Supervised learning algorithms

In order to verify the original mass spectrum, Table 2 lists the salient features screened by Chi-square test method, and classifies the results on seven traditional machine learning algorithms, two integrated learning frameworks and one deep learning algorithm. Model training. Regression analysis (LR)28 fits the relatively linear data with less loss and enables the fitted model to better predict the data. A Support Vector Machine (SVM)29 defines a linear classifier with the most significant margin in the feature space, capable of separating samples from two different classes. When predicting a new sample, K-Nearest Neighbor (KNN)30 judges which category the sample belongs to according to which type the K samples closest to the sample belong. The decision tree (DT)31 obtains the final result through the decision-making process and discrimination of the problem by the tree. Random Forest (RF)32 is a method that uses multiple decision trees to train, classify and predict sample data. Lightweight Gradient Boosting Machine (LightGBM)33 is a fast, distributed, high-performance decision tree-based gradient boosting algorithm that starts with weak models and trains models iteratively, each model adding to the predictions of previous models to produce a reliable Overall forecast. Naive Bayes (NB)34 estimates the conditional probability of each category by calculating the frequency of occurrence of each type in the training samples and dividing each feature attribute, and records the results, and finally outputs the classification of the samples. Bagging35 estimates a sample by averaging the posterior probabilities of the non-uncounted nodes it falls into. Reinforcement learning (Adaboost)36 trains different classifiers on the data set and then combines these weak classifiers to form a more robust final classifier. The classification effect is better than the conventional weak classifier. Classifier model effect. The deep learning model is a multilayer perceptron (MLP)37 or a multilayer perceptron. This forward-structured artificial neural network maps a set of input vectors to a group of output vectors and is used to fit complex functions or solve problems—classification problem.

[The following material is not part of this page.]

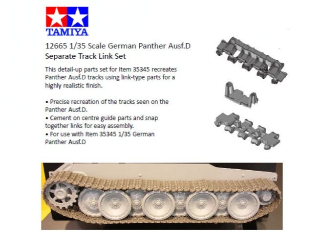 Plastové článkové pásy pro model Panther Ausf.D od firmy Tamiya.

Table 2 Ten supervised learning models used in this paper.

Evaluation method of performance

To evaluate the prediction model, this paper uses seven evaluation indicators widely used in the medical field to assess the classification effect of ten models, including Precision, Specificity, Sensitivity, Matthew Coefficient (MCC), Accuracy, F1-score, and Area under roc curve (AUC)38.

To evaluate the feasibility of the method proposed in the paper, the precision rate, sensitivity, specificity, Matthew coefficient, and accuracy rate were evaluated, respectively. The calculation formula is as follows:

$$Precision=\frac{TP}{\left(TP+FP\right)}$$
(2)
$$Specifity=\frac{TN}{\left(TN+FP\right)}$$
(3)
$$Sensitivity=Recall=\frac{TP}{\left(TP+FN\right)}$$
(4)
$$MCC=\frac{TP*TN-FP*FN}{\sqrt{\left(TP+FP\right)*\left(TP+FN\right)*\left(TN+FP\right)\left(TN+FN\right)}}$$
(5)
$$Accuracy=\frac{TP+TN}{TP+TN+FP+FN}$$
(6)

Among them, true negatives (TN) are the number of predicted healthy labels that match the true healthy labels; true positives (TP) are the number of predicted disease labels that match the actual disease labels; false negatives (FN) refer to the number of patients with disease The number of sick labels that are misidentified as healthy; false positives (FP) are the number of healthy labels that are predicted to be diseased.

F1-score is the harmonic mean of precision rate and recall rate. The F1 score is calculated to measure the classification performance of samples of different categories. The calculation formula is:

$$F1 score=2*\frac{Precision*Recall}{\left(Precision+Recall\right)}$$
(7)

AUC refers to the area covered by the ROC (receiver operating character) curve. Since it is difficult for ROC to reflect the difference between models, AUC can remember the difference between models as a numerical value. The closer the AUC is to 1, the better the performance of the model39. Calculated as follows:

$$AUC=\frac{\sum_{{x}_{i}\in positiveclass}rank{x}_{i}-\frac{M\left(M+1\right)}{2}}{M*N}$$
(8)

Among them, positive class indicates that the category is a positive example, \({x}_{i}\) is the ith sample, rank is the order of the probability of being a positive example in the model prediction instance, M is the actual number of positive examples, and N is the exact number of negative examples.

Results and discussion

Data preprocessing

Considering that the original mass spectrometry data set is too large and inconvenient for analysis, it is necessary to use open sources of mass spectrometry software such as MZmine2.53, Raw Converter, and MSConver for sampling to extract detailed key data information in mass spectrometry. The main steps of sampling through MZmine2.53 mass spectrometry software in this paper are: (1) Input the original Raw file into MZmine2.53 software and save important mass information through mass detection; (2) Set the mass detector to exact Mass for sampling, set the noise level to 0, and finally, generate chromatographic column information through ADAP Chromatogram builder, to ensure that all data are complete; (3) Export all mass spectrometry information related to this experiment from the generated feature lists, and the exported CSV file contains 24 columns Mass spectral information, where important information includes Mass, retention-time, peak-height, and peak-area. These raw data are sequentially transformed into regular feature matrices through a series of subsequent preprocessing methods for subsequent supervised learning models.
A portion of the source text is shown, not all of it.